Seçimlere girme hakkını kazanan Siyasi Partilerin de aday göstermesi sağlanırsa en temel bir hak teslim edilmiş olur. Millet kime oy verecekse yine ona oyunu verir.
Mevcut Cumhurbaşkanı Adaylarının Milli Görüş Açısından değerlendirilmesi
Yukarda belirttiğim gibi kanuni düzenleme imkân vermediği için milletin aslı, mânâsı, ruh kökü olan Milli Görüşün Cumhurbaşkanı adayı göstermesi mümkün olmamıştır. Bu şartlar altında Milli Görüşçülerin kırk dört yıldır mücadele ettikleri davalarına sadık olarak davranmaları tabiidir.

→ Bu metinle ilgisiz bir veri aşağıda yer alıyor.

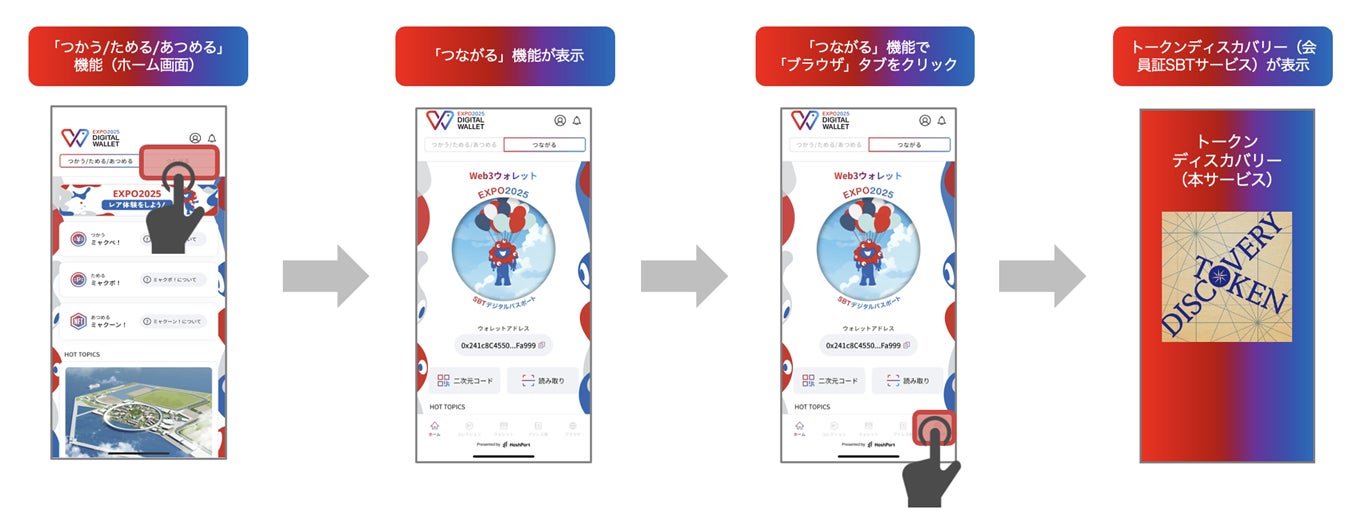 「トークンディスカバリープログラム」は、「EXPO 2025 デジタルウォレット」の事業連携サービス(SBTデジタルパスポート)のバージョンアップ機能として、「つながる」から、右下のブラウザタブをクリックすることで直接起動して利用できるWeb3の技術を活用した会員証サービスです。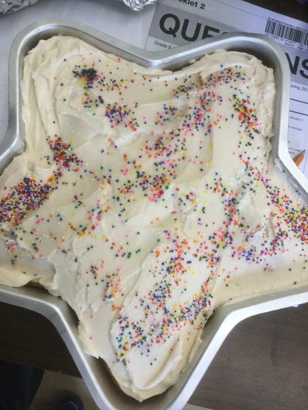 We celebrated the end of our EQAO test with a star cake! Congratulations grade 9s, you worked really hard, and so many of you demonstrated your growth, perseverance, and attention to detail over the past days of testing.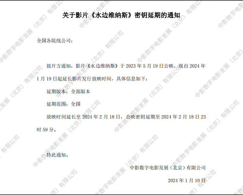 关于影片《水边维纳斯》第九次密钥延期的通知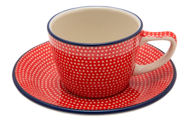 Boleslawiec pottery - handpainted. Unique pattern in a classic style - fine dots on a red background. Border in navy blue.
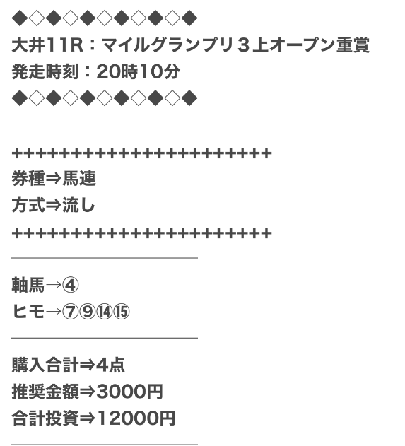 | 累計戦績 | 4戦4勝0敗 | 的中率 | 100% |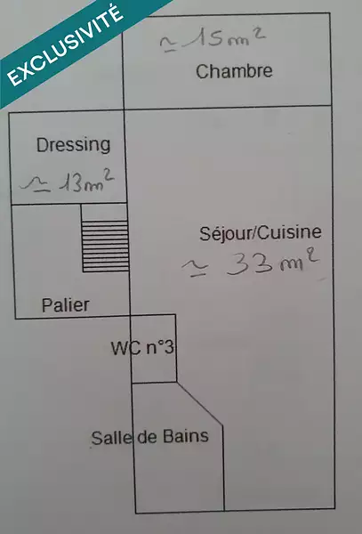 De beaux volumes (environ pour ces pièces:salle principale 53 m2,Salle arrière plus de 60 m2,cuisine 13 m2, séjour/cuisine à l'étage :33 m2,bureau office de chambre 13m2

Yaptığımız mücadele işbirlikçiliğe karşı, milli değerlerimize sahip çıkma mücadelesidir
Milli Görüşçülerin bir adaya oy verebilmesi için adayın Türkiye’yi ekonomik bakımdan müstemleke haline dönüştüren mevcut gidişe dur diyecek birisi olması lâzımdır.
Milli Görüşçülerin oy vereceği adayın Türkiye’nin menfaatinin Avrupa Birliğinin kapısında beklemekten yana değil, dünyadaki çeşitli güç dengelerini gözetecek bir politikadan yana olması lâzımdır. En önemlisi Milli Görüşçülerin oy vereceği adayın toplumun inançlarına, ahlakî ve mânevî değerlerine sahip çıkması lazımdır.
Bu bakımdan Milli Görüşçüler mevcut adaylardan hiçbirine oy veremezler.
Ancak Milli Görüşçülerin haklı tepkilerini göstermek için kesinlikle sandığa giderek aday isimlerinin olmadığı beyaz oy kullanmaları en doğru ve mâkul hareket olacaktır. Böylece seçilecek Cumhurbaşkanının Milli Görüş ilkelerine aykırı icraatlarının sorumluluğundan kurtulmuş olacakları gibi, aday göstermelerinin engellenmesine karşı tepkilerini de göstermiş olurlar.
Yaptığımız mücadele işbirlikçiliğe karşı, milli değerlerimize sahip çıkma mücadelesidir. Aziz milletimizin de bizimle birlikte olacağına inanıyoruz.